Russian Court trims Khodorkovsky’s Jail Term to 2016

25.05.2011
    A Moscow appeals court upheld the second conviction of oil magnate Mikhail Khodorkovsky, but it also reduced his 14-year prison sentence by one year.
    Yesterday’s decision means that Khodorkovsky, 47, once Russia’s richest man, will remain in prison until 2016. He was convicted in December of stealing tens of billions of dollars’ worth of oil from his own company and laundering the proceeds, a politically tainted ruling that drew strong international condemnation.
    Khodorkovsky was seen as a political threat to Vladimir Putin, who was president in 2003 when Khodorkovsky was arrested and who remains Russia’s most powerful leader now that he is prime minister.

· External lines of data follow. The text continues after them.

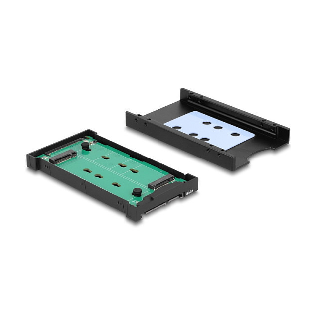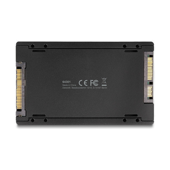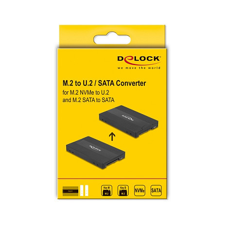 "DeLOCK 64301. Host interface: U.2, Output interface: M.2, Host interface gender: Male. Product colour: Black, Country of origin: China. Width: 70 mm, Depth: 115 mm, Height: 12 mm. Quantity per pack: 1 pc(s), Package type: Hanging box"\n"This converter by Delock enables the installation of an M.2 PCIe NVMe SSD with key M or SATA M.2 SSD with key B in 2280, 2260, 2242 and 2230 format. When using a NVMe SSD, the converter is connected to the U.2 interface, connected to the SATA interface when using a SATA SSD.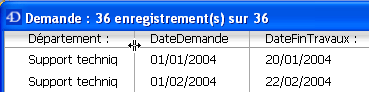 Vous pouvez redimensionner les colonnes des formulaires sortie (sauf si cette possibilité a été supprimée dans l’éditeur de formulaires). Pour cela, il vous suffit de placer le curseur de la souris au-dessus de la zone des titres des colonnes. Le curseur se transforme afin d’indiquer que la colonne est redimensionnable. Vous pouvez alors cliquer et déplacer la paroi de la colonne afin de la réduire ou de l’agrandir :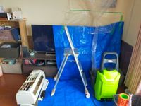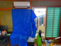 まず、お客様の大切な家具や壁が汚れないよう、エアコンの周囲を専用のシートで丁寧に保護します。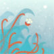 Intrepid sailors on a ship facing huge ocean waves and a tentacled sea monster. Not a great day so far.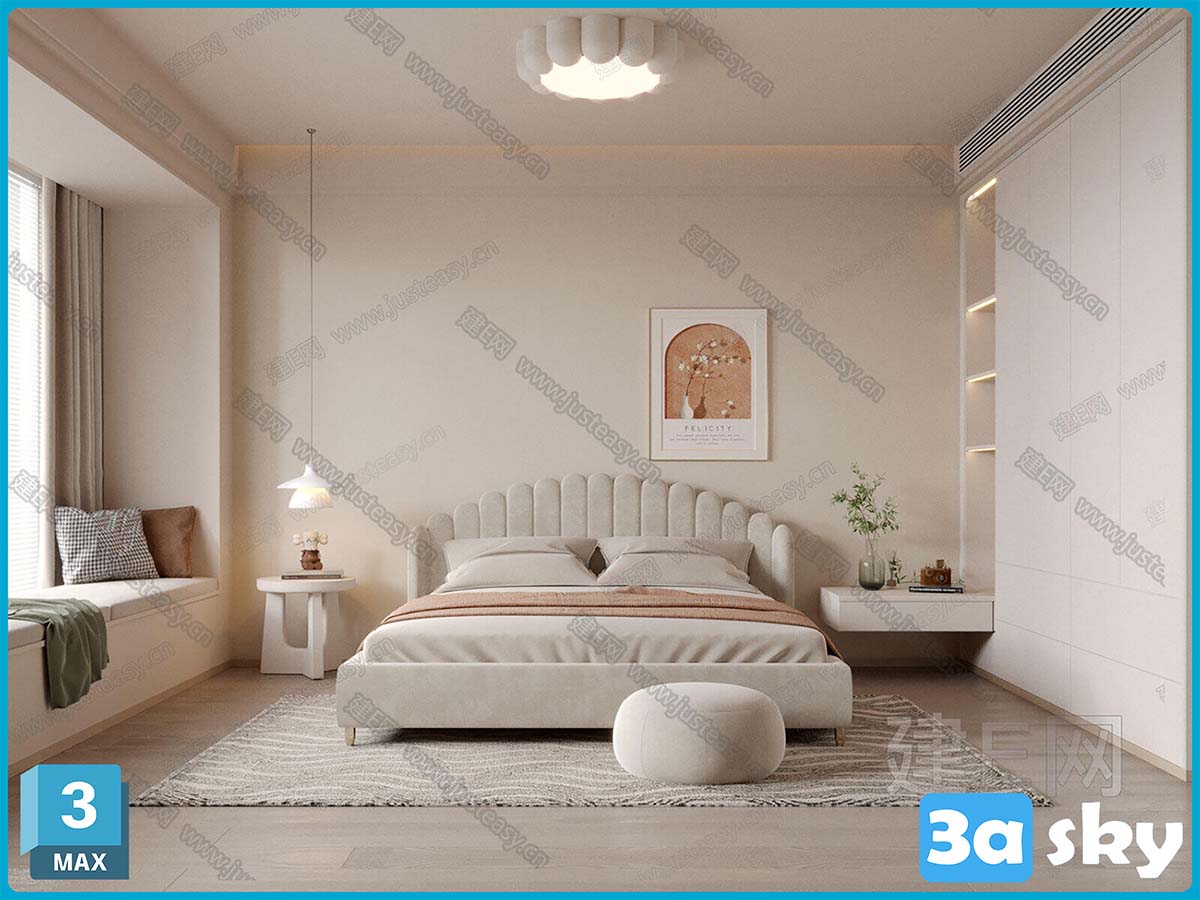 This 3D scene showcases a modern living room interior design with contemporary furniture and decor. The room features a stylish sofa, coffee table, and decorative elements. Perfect for inspiration and visualization projects.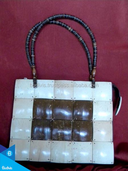 Cheap Natural Coco Shoulder Bag Handmade From Bali Indonesia Beach Bag with Zipper Closure Striped Pattern Women$1.5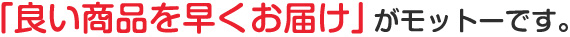 当店では、「良い商品をできるだけ早くお届け」することをモットーに、ご依頼にスピード対応しております。

    During the one-day appeal hearing at Moscow City Court, Khodorkovsky poured scorn on the judges who had written the verdict, a lengthy summary of the trial that spelled out his guilt.

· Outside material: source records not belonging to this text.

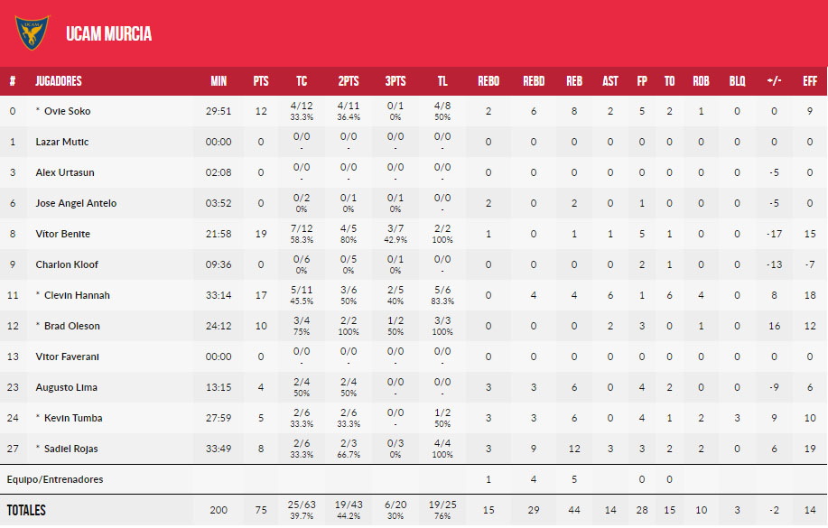 El juego interior murciano: pese a dominar el rebote y tener, a priori, ventaja en el juego interior el UCAM Murcia no supo plasmarlo en el partido. En rebotes la diferencia fue clara, 32-44 a favor de los universitarios; pero no lo aprovecharon como deberían haberlo hecho. En puntos en la pintura tan solo dos más para los de Ibon Navarro: 30-32. Soko, que terminó con buenos números (12 puntos y 8 rebotes), acabó eliminado por faltas y tuvo muy malos porcentajes (4/12 TC). Tampoco estuvo a la altura Lima que jugó solo 13 minutos, en los que aportó 4 puntos y 6 rebotes.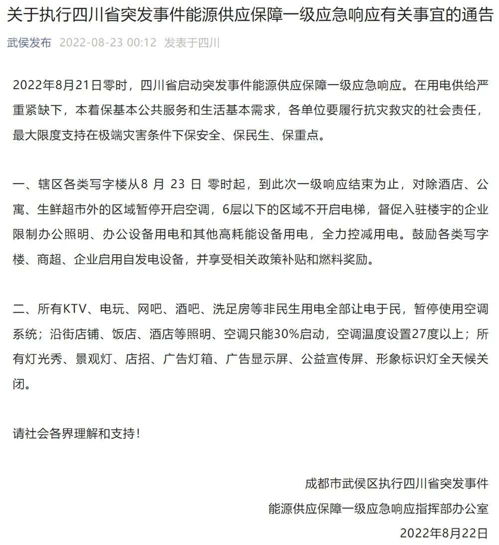 刚刚过去的这个周末,很多成都人都接到单位通知,自周一22日起,留少数人轮岗值班,大部分人居家办公,写字楼中央空调要暂停开启、6层以下不开电梯、照明和其他高耗能设备控减用电,直至一级应急响应结束为止。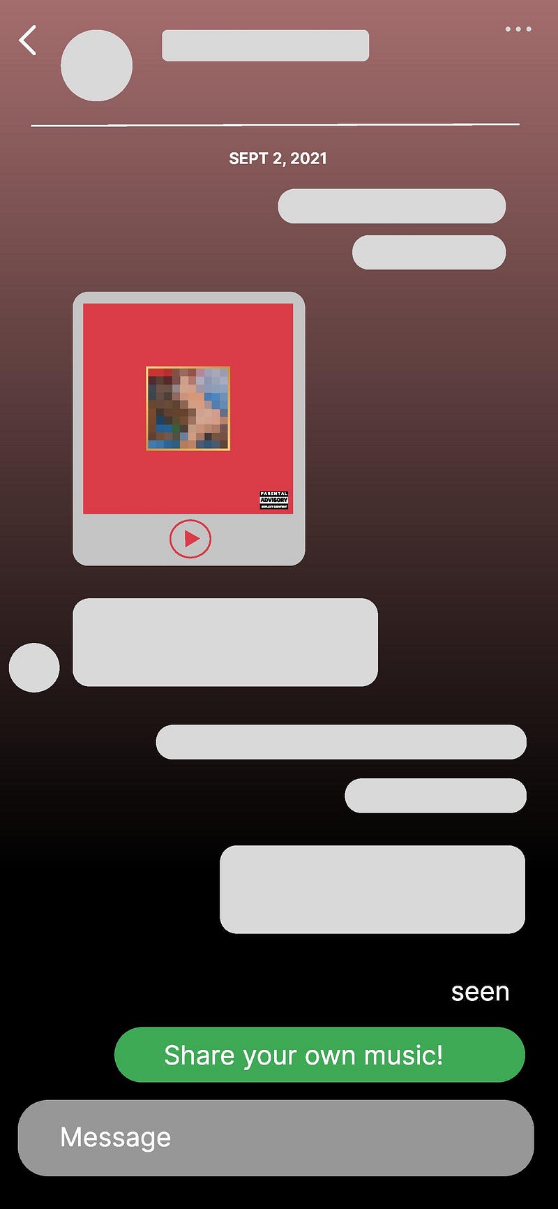 Ability to send music through messages and throughout the app

    “From which dusty basement did they dig out the venomous Stalinist spider who wrote that gibberish?’’ Khodorkovsky asked, visibly agitated as he paced around the glass-and-steel defendant’s cage.
    In wrapping up the defense’s case yesterday, lawyer Yuri Shmidt pointed to numerous contradictions in the verdict, saying they showed that the judge who presided over the 18-month trial could not have written the ruling on his own.
    Khodorkovsky’s also aimed barbs at President Dmitry Medvedev, who succeeded Putin in 2008 on promises to strengthen the rule of law as part of an effort to modernize Russia’s economy, according to the Associated Press.